Cultural stereotyping in the West is dangerous for the career prospects of Indians. It blocks opportunity for them and makes for a lose-lose situation for all (but of course, there are no penalties for public sector managers who give full play to their prejudices).
3) Foreign aid:
Underlying real causes of soft racism
Of course, there do exist some genuine reasons for the common Western stereotypes about Indians (or Muslims, or whatever). Everyone in the world (including me) uses stereotypes as convenient shortcuts.We can't possibly live without stereotypes.
- The status of all Muslims declines all over the world each time Muslim terrorists engage in violence. Muslims then lose out on jobs, they lose out on promotions, they are no longer welcomed as migrants.
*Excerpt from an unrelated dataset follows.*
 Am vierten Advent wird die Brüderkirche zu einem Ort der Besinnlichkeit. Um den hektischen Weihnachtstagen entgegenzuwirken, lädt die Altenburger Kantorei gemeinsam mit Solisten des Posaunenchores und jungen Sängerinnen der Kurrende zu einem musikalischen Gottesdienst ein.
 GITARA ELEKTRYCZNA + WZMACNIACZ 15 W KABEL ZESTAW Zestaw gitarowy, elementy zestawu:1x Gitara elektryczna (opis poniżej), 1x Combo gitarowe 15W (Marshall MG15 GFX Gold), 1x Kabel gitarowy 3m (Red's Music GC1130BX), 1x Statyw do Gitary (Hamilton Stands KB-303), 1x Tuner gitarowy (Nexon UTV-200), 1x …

- The status of all Indians worldwide declines each time any any Indian indulges in corruption. If the Commonwealth Games in Delhi are mismanaged (as all signs seem to be showing they will be) expect soft racism against Indians to increase sharply.
- And it is true, for instance, that given the cultural differences between Indians and Westerners (such as the level of informality prevalent in the West), it may take time for Indians from India to acclimatise to working in the West.
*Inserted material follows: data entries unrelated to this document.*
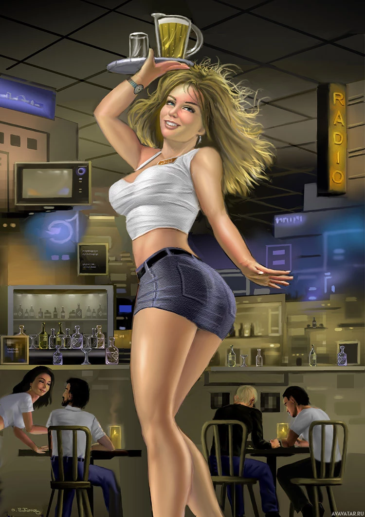 a woman in the center who appears to be dancing or performing, holding what looks like a drink in one hand and her hip with the other. She has blond hair and is wearing
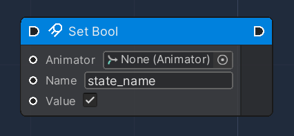 This node is used to set the value of the given boolean parameter, to cause transitions between Animator states.
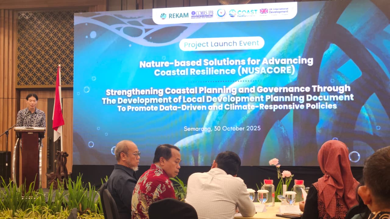 Di penghujung acara, Yayasan REKAM Nusantara dan Pusat Kajian Sumberdaya Pesisir dan Lautan (PKSPL) IPB University menguraikan kesiapan implementasi proyek, prioritas kegiatan NUSACORE, serta mekanisme pendanaan program berbasis hibah dari Pemerintah Inggris. Dialog berjalan konstruktif, memberikan ruang bagi peserta untuk mengusulkan kegiatan eligible, memetakan tantangan, serta menegaskan dukungan lintas sektor terhadap upaya adaptasi dan transisi berkelanjutan kawasan pesisir Indonesia.
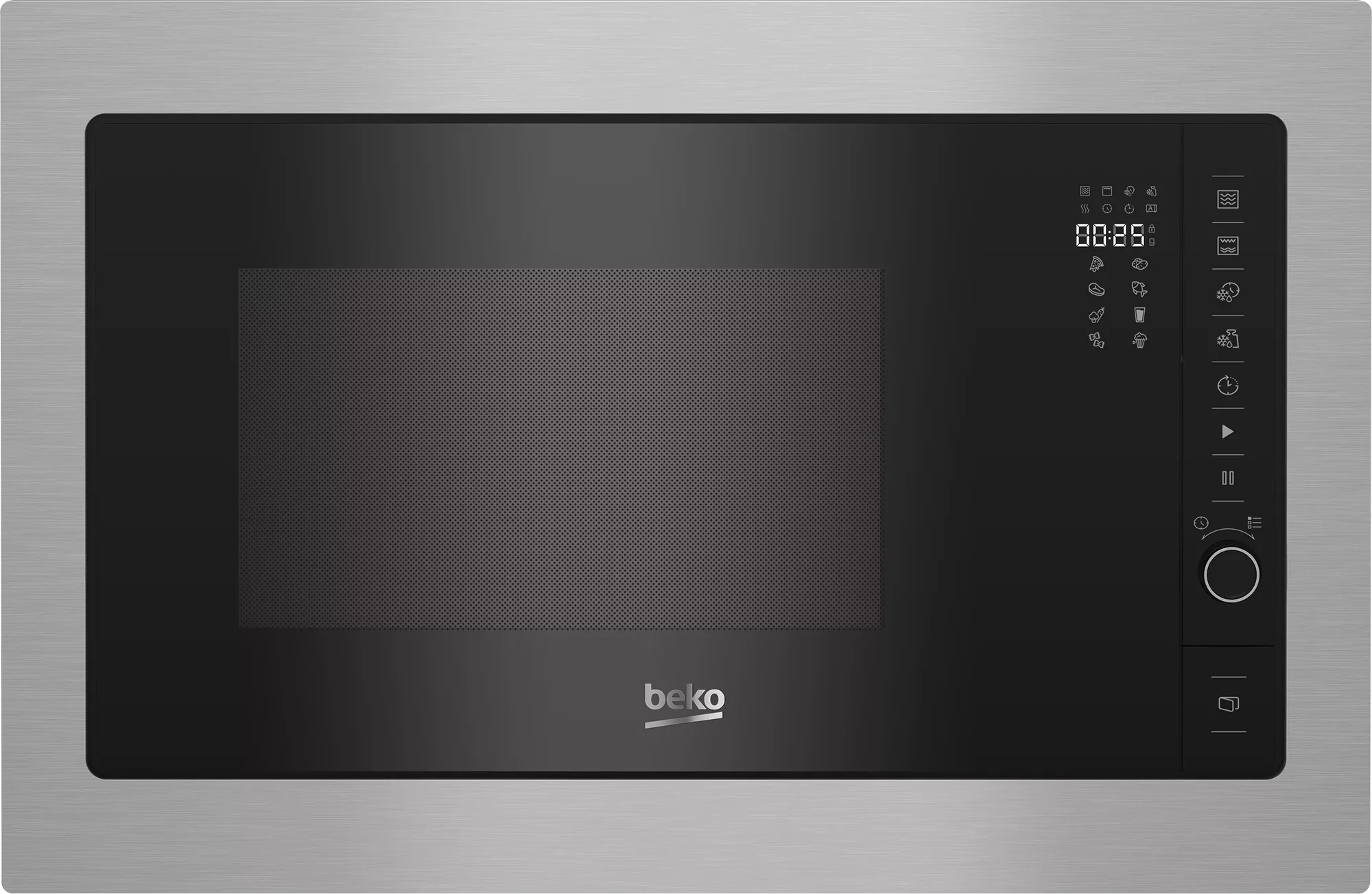 Vestavná mikrovlnná trouba Beko BMGB 25332 BG s grilem, automatickými programy, vařením ve více krocích a elektronickým ovládáním.
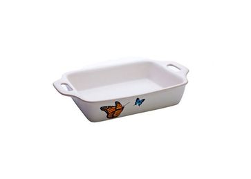 Форма керамическая прямоугольная, размеры: 36х22х5,5 см, рабочая температура от -20 до +400°С, цвет: белый с принтом бабочек None

Thus, by no means am I claiming that all Indians will perform outstandingly well in all roles. That is not my point. The point is that individual assessment is needed on certain key matters, but stereotypes are more readily used. Soft racism become a real problem when people with doctorates from some of the world's best universities are treated on par with high school students (or less) and not given even the basic opportunity to perform in trivial jobs. None of the reasons for stereotypes explain the lack of individual-specific assessment that is crucial for a merit-based non-discriminatory society.
I know of a person with some of the best qualifications from India, some of the best senior executive experience in India, and a Masters in public administration from one of the best universities in the world (in the USA). She also holds a doctorate from Melbourne university. BUT she was not, and has not been given even a toehold in any policy-related job, an area in which she excels. She has stopped applying, so rampant is soft racism in Australia. She now works for disabled Australians, a menial job that places her LOWER than a third rate high school student from Australia. Shame on soft racism in Australia that treats some of its high quality immigrants like dirt. Equal freedom DOES NOT EXIST IN THE WEST.